Pero si dudas que el ser humano y el personaje se parezcan porque los artistas, no copian, recrean, aunque no deberían añadir demasiado si no quieren convertirlos en copias de sí mismos, escucha cómo reaccionó al oír el veredicto:
“Sócrates se retiró sereno en el semblante, en la actitud y en el porte”.
Y si tampoco te fías del testimonio de Jenofonte, los discípulos fantasean aún más que los artistas, quizá el comentario de su amigo Critón disipe tus dudas.
“Muchas veces, te consideré feliz por tu carácter, pero mucho más en la presente desgracia, al ver qué fácil y apaciblemente la llevas” – le dijo al ver que dormía plácidamente, a pesar de que, en el momento que la Páralo atracara en el Pireo, sería ejecutado.

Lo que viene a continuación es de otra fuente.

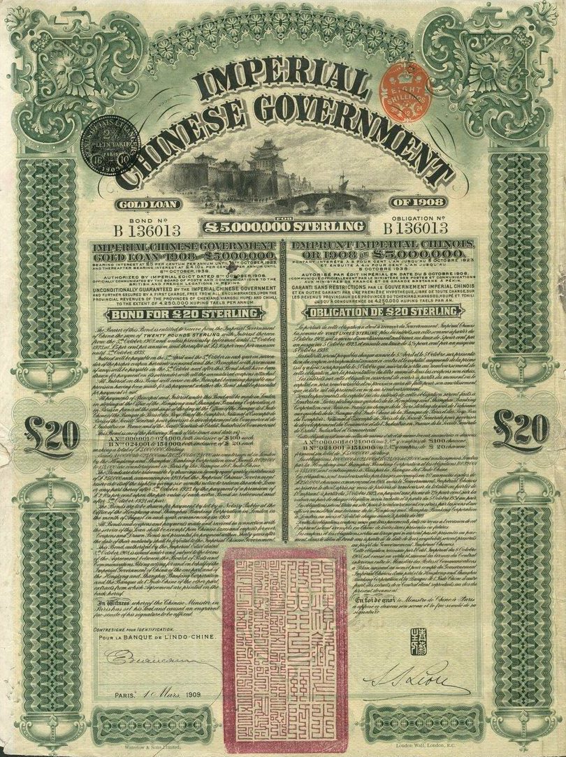 1908 – China 5% Gold Loan – Issued by Banque de l’Indo-chine
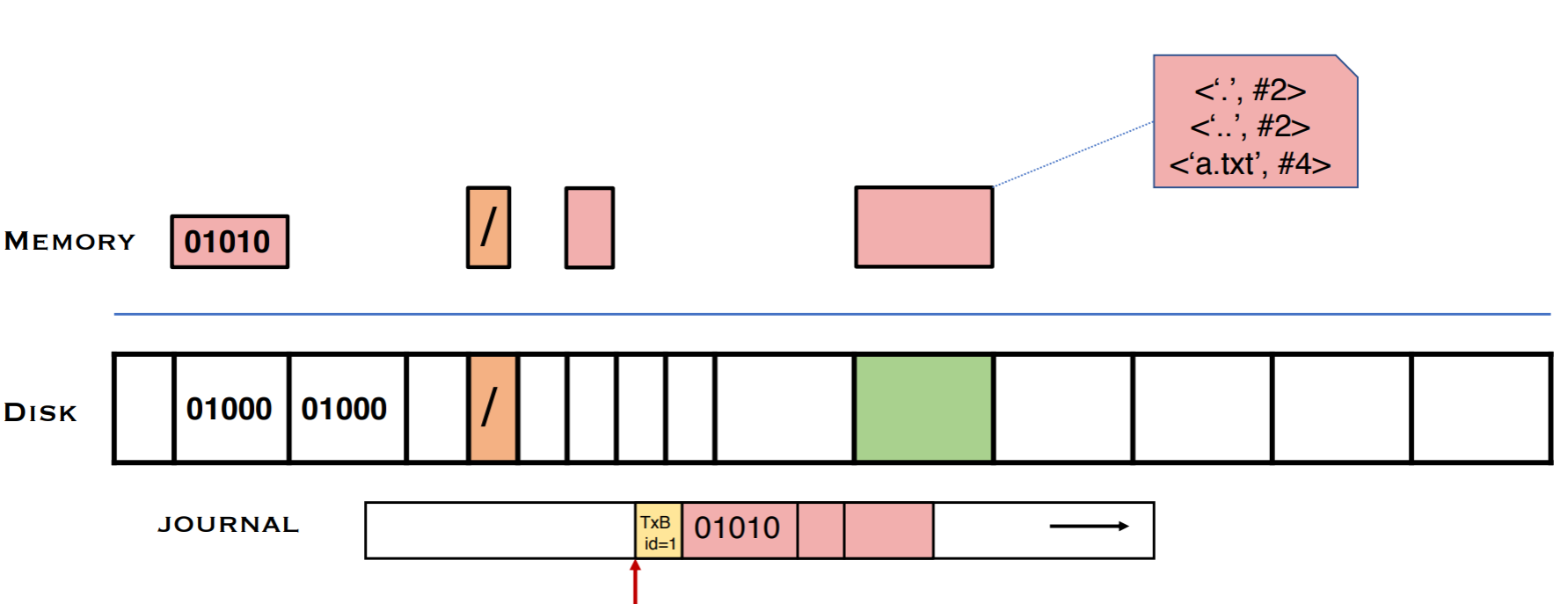 이제 Bitmap (후술 B), Inode (후술 I), Data Block (후술 D) 가 종합적으로 변경될 떄 crash가 나는 상황을 생각해볼 것이다.상황의 단순화를 위해 파일에 allocate write하는 상황을 생각해보자. 파일에 새롭게 블럭을 할당해서 write를 하게 되면, bitmap의 변동, inode 내의 블럭 포인터 할당, 데이터 블럭에 내용 설정으로 B, I, D에 변화가 종합적으로 일어난다. 이렇게 여러 개의 블럭이 update된 상태에서는 여러 개의 블럭이 디스크에 작성될 필요가 있다. 그러나 디스크와 SSD에서의 atomic write의 단위는 블럭(섹터)이기 때문에 여러 개의 섹터 중 일부만 스토리지에 반영이 되고 crash가 난다면 inconsistent한 state가 되기 때문에 문제가 생긴다. 여러 개의 블럭들이 반영이 되는 순서를 정하려고 하더라도 IO scheduler가 퍼포먼스를 위해 해당 순서를 reorder할 수 있고 storage 자체에도 internal hardware buffer가 있어 처리가 flush 되는데에도 reordering이 일어날 수 있다. crash consistency는 reordering에도 불구하고 지켜져야 하는 것이기에, 특정 하드웨어 디자인에 의존하지 않아야 한다.
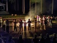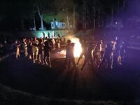 夕食が終わり、あたりがだんだんと暗くなり、キャンプファイヤーが始まりました。火の神を迎えて聖なる火をもらい、歌やダンスで楽しみました。昼間の疲れも感じさせず、子供たちは盛り上がっていました。
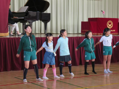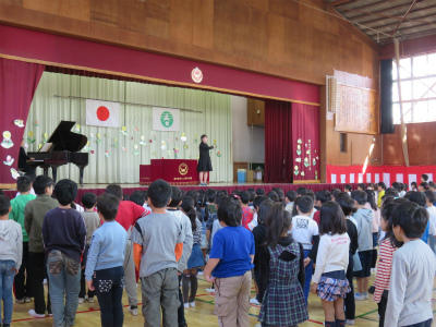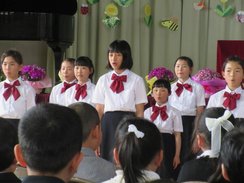 また、入学式終了後は、本校合唱部から歌のプレゼントがありました。「校歌」や「楽しい立野小」を美しい歌声で披露してくれました。とても心が和みました。合唱部のみなさん、ありがとうございました。
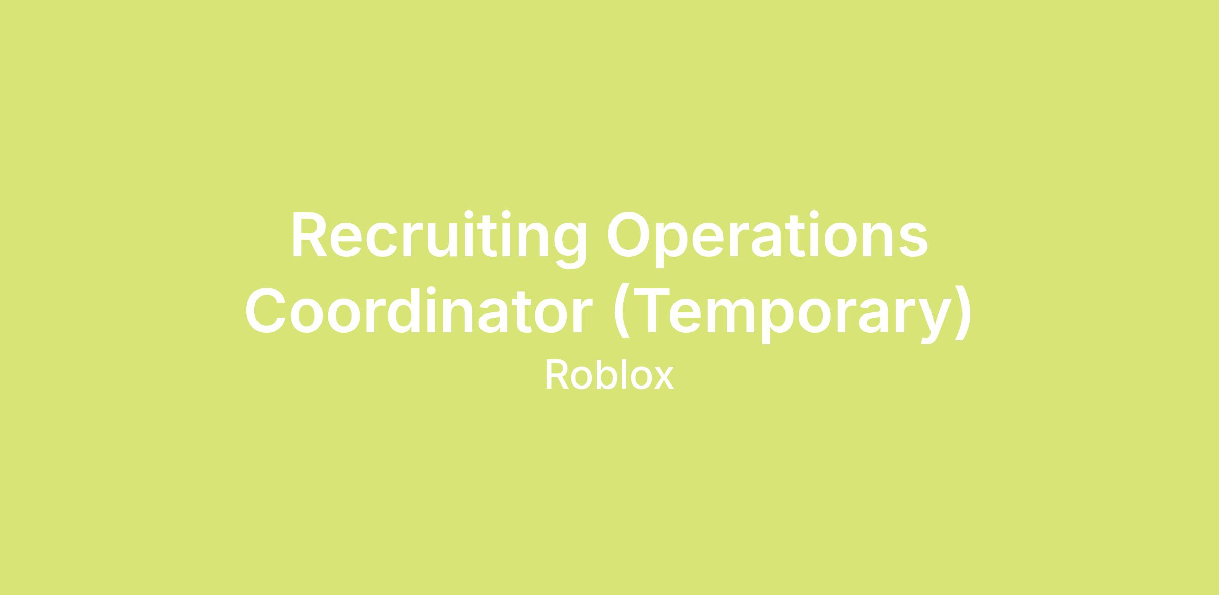 Our Recruiting Team plays a vital role in shaping exceptional teams at Roblox and driving our future growth. At the center of the recruiting experience is our Candidate Operations team, who handle everything from scheduling interviews, tracking candidate data and helping improve internal processes all while ensuring a positive experience for all candidates. We are looking for a motivated Recruiting Operations Coordinator to join our team and contribute to the next stage of Roblox's success! This position is a twelve-month short-term employment with the opportunity to be considered for extension and/or full-time employment pending performance and business needs. This is a hybrid position based in our San Mateo, CA offices.

¿Un abogado? ¿Para qué? Su vida era su mejor defensa.
–¿No sería necesario, Sócrates, que pensaras en lo que vas a decir en tu defensa?
–¿Es que no te parece que me he pasado la vida ocupándome de ella?
–¿Cómo?
–Porque a lo largo de mi vida no he cometido ninguna acción injusta; es la que considero la mejor manera de preparar una defensa.
Además, si rechazó al hijo de Céfalo: “El discurso es hermoso Lisias, pero no va conmigo”, no creo que aceptase a un desconocido. Pero si, como aseguras, conoces a fondo la “Apología” de Platón, el “Banquete” y los “Recuerdos” de Jenofonte, puedes declarar como testigo. Claro que era una persona buena (“No hago daño a ningún hombre voluntariamente”) y justa (“Mi vida entera la he vivido de manera piadosa y justa”), incluso divertida. (“Y tú, Sócrates, –preguntó Calias-, ¿de qué te enorgulleces? Y él, alzando el rostro muy solemne, contestó: De mi oficio de proxeneta. Y todos se echaron a reír”). Bufón del Ática, le llamaban los discípulos de Epicuro, aunque sus testimonios no sean fiables, pues, es propio de dogmáticos, insultar y descalificar en vez de dar razones. Pero dejemos la conclusiones para el alegato final. Estando en Atenas, “la ciudad de Grecia donde hay mayor libertad”, ni los guardianes de la verdad podrán impedirnos hablar cuanto queramos. ¡Qué continúen los testigos!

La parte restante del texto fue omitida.